HOW TO COMPLETE THIS TASK: Write out word for word each line from the top of the material through the line that has "The apartment consists". Pictures do not go in.

COLLECTED DATA:
──────

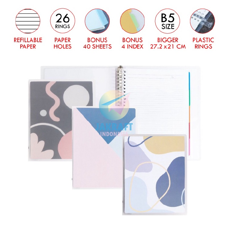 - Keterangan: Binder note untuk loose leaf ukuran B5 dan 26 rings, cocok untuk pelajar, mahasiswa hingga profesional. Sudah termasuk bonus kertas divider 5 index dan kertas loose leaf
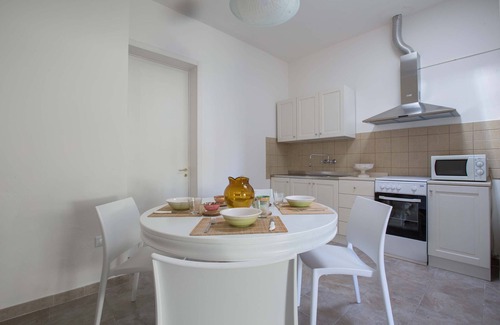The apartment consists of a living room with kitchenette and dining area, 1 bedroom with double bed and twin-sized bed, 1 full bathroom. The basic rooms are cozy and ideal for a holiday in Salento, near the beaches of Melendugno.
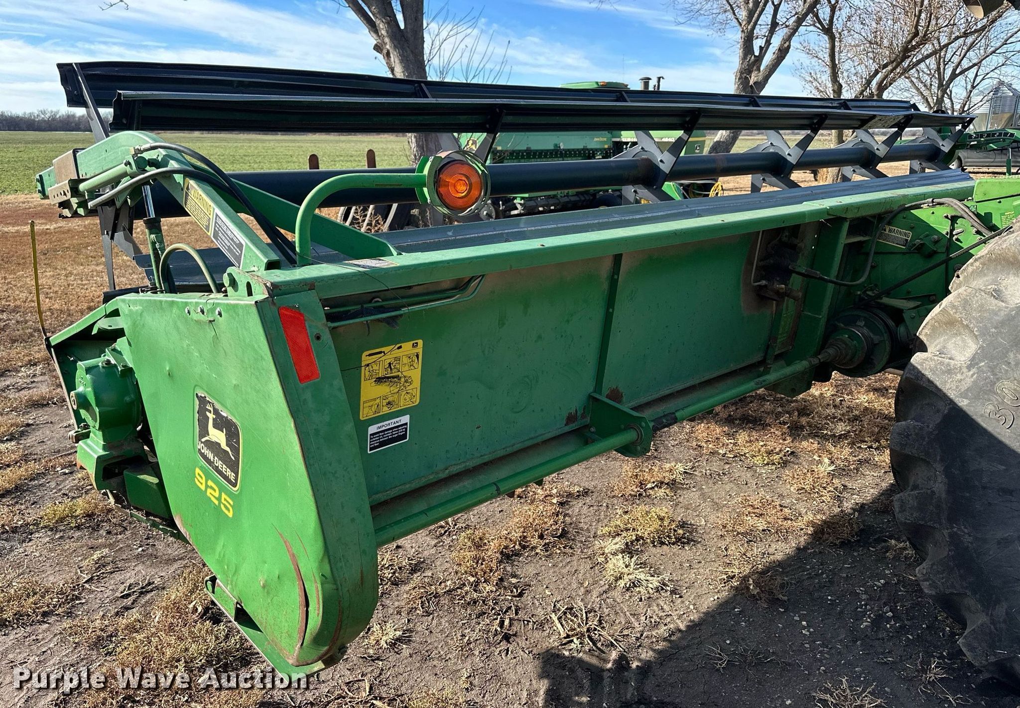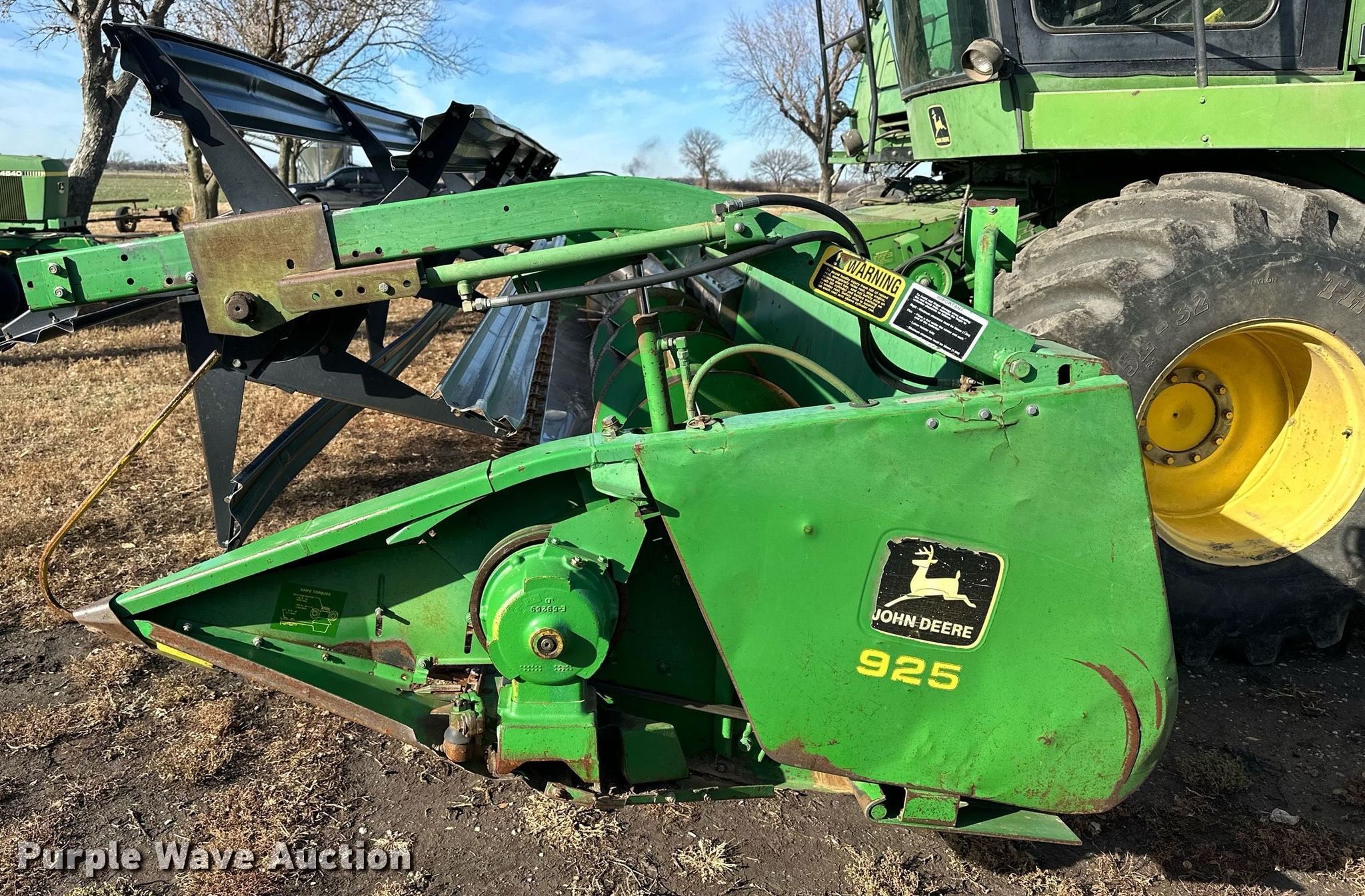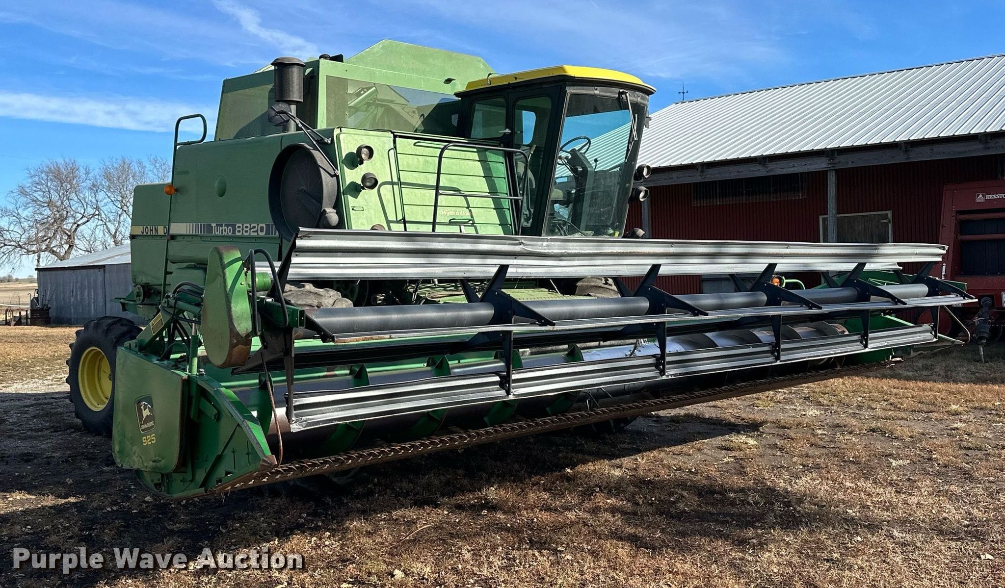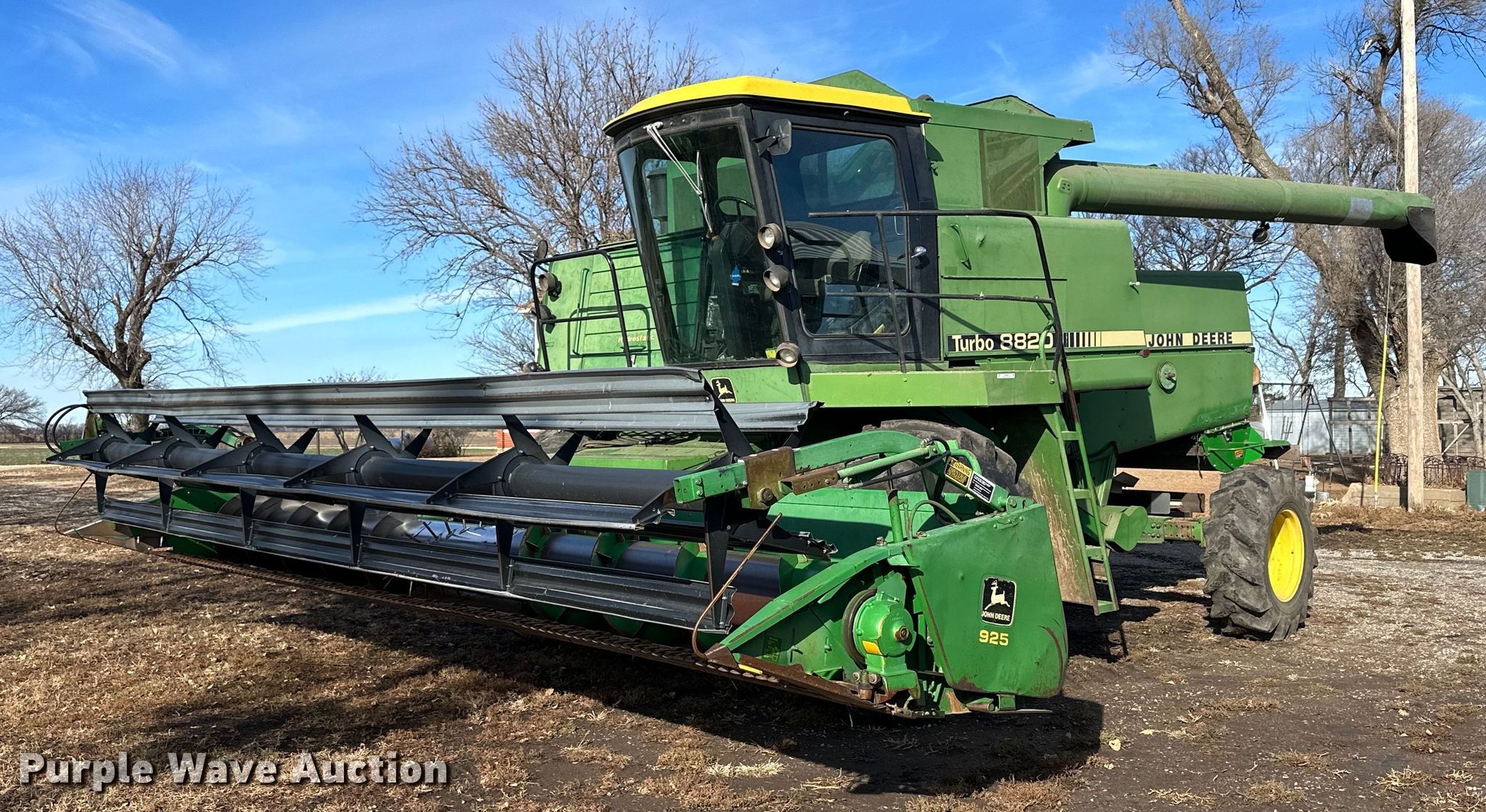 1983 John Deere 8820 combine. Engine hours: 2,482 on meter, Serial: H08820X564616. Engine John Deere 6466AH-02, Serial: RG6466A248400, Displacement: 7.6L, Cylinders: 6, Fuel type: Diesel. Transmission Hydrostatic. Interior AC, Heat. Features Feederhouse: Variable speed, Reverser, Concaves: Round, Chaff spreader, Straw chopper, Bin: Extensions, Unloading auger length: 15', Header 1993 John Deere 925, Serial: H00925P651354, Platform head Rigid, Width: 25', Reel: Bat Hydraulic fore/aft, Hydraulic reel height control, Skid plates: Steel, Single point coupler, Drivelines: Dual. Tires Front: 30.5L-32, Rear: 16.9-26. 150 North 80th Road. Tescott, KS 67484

──────

YOUR RESPONSE:
 - Keterangan: Binder note untuk loose leaf ukuran B5 dan 26 rings, cocok untuk pelajar, mahasiswa hingga profesional. Sudah termasuk bonus kertas divider 5 index dan kertas loose leaf
The apartment consists of a living room with kitchenette and dining area, 1 bedroom with double bed and twin-sized bed, 1 full bathroom. The basic rooms are cozy and ideal for a holiday in Salento, near the beaches of Melendugno.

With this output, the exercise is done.